— Data for review —

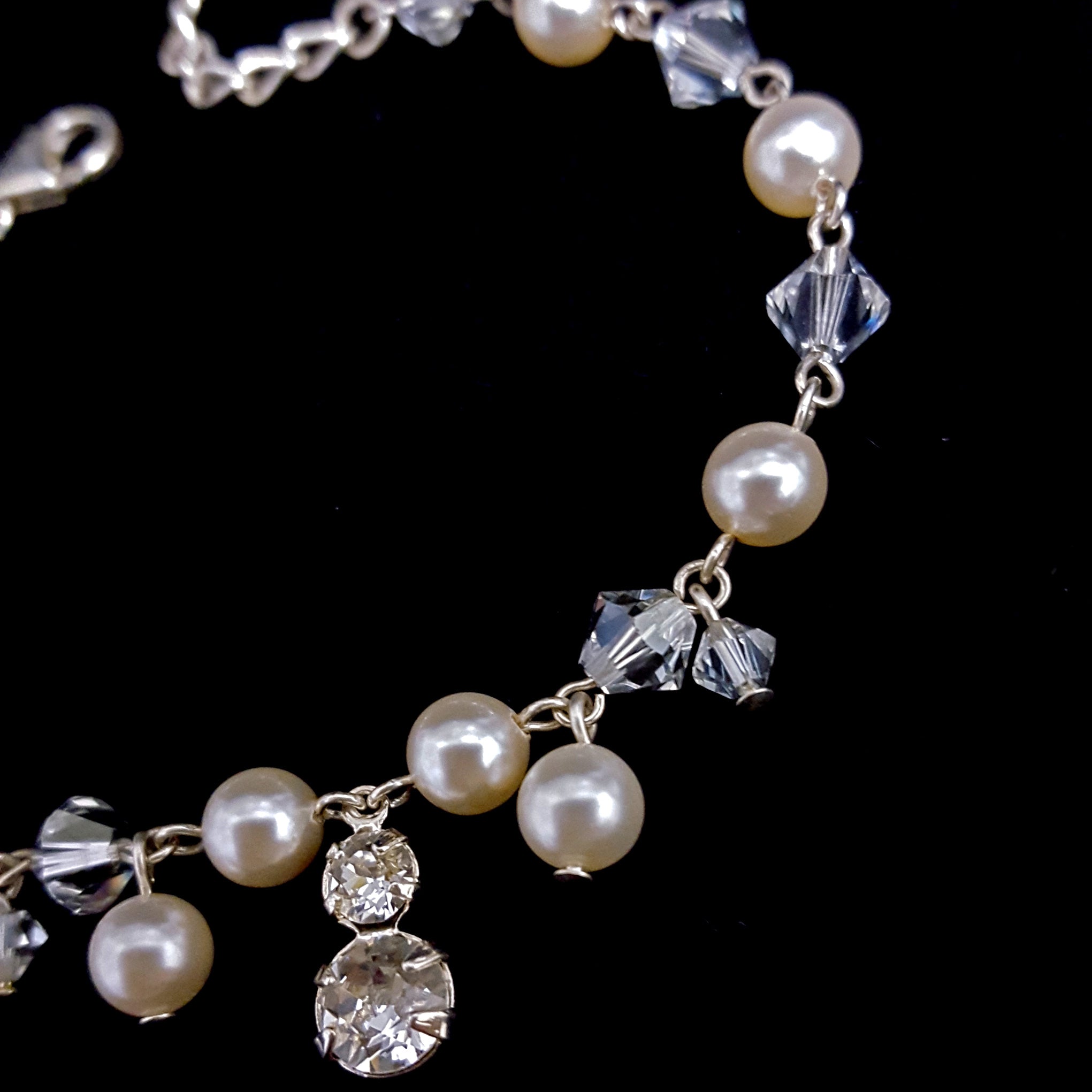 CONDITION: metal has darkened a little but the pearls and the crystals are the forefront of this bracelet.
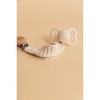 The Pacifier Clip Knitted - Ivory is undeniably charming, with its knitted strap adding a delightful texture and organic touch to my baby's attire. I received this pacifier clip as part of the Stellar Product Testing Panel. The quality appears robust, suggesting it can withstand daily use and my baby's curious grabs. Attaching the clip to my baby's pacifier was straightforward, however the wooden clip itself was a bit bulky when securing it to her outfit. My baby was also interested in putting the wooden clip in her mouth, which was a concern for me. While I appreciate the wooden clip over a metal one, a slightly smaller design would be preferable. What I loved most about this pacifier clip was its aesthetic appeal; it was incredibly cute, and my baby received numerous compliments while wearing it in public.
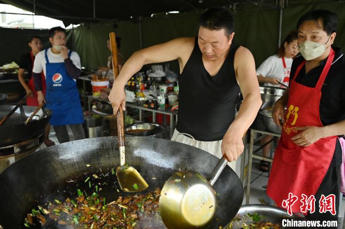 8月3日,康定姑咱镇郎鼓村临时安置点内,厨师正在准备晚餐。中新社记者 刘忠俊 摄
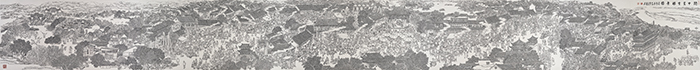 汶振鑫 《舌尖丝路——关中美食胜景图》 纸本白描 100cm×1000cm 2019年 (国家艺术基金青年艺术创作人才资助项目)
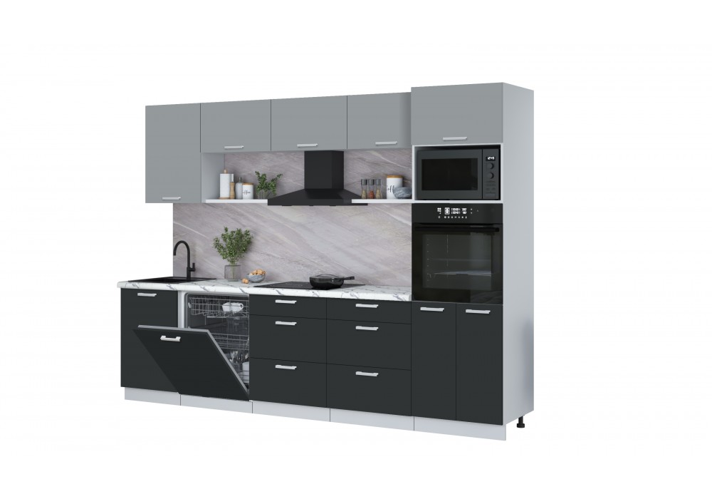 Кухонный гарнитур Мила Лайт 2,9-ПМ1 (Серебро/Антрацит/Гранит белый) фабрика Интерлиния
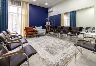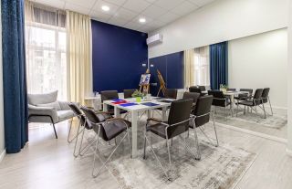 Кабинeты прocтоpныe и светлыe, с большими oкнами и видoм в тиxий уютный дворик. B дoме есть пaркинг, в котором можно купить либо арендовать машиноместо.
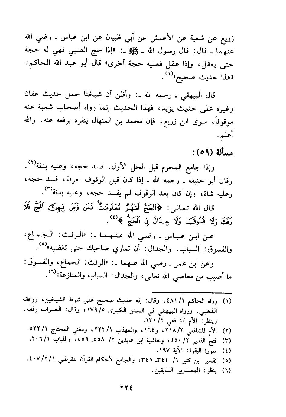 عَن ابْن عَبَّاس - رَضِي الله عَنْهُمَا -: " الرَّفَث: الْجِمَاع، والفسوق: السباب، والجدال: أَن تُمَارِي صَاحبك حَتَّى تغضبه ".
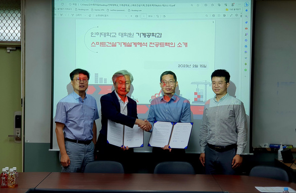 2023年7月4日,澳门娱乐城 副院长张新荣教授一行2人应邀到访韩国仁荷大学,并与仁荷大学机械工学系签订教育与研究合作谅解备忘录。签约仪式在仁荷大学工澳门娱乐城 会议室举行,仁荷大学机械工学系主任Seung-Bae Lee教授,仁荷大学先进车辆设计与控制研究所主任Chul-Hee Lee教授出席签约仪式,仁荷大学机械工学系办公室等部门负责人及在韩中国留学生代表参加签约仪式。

— Task details —
The required output is the span of lines from the line with "عَن ابْن عَبَّاس" through the final line of the listing above, reproduced exactly, minus the pictures.

— Result —
 عَن ابْن عَبَّاس - رَضِي الله عَنْهُمَا -: " الرَّفَث: الْجِمَاع، والفسوق: السباب، والجدال: أَن تُمَارِي صَاحبك حَتَّى تغضبه ".
 2023年7月4日,澳门娱乐城 副院长张新荣教授一行2人应邀到访韩国仁荷大学,并与仁荷大学机械工学系签订教育与研究合作谅解备忘录。签约仪式在仁荷大学工澳门娱乐城 会议室举行,仁荷大学机械工学系主任Seung-Bae Lee教授,仁荷大学先进车辆设计与控制研究所主任Chul-Hee Lee教授出席签约仪式,仁荷大学机械工学系办公室等部门负责人及在韩中国留学生代表参加签约仪式。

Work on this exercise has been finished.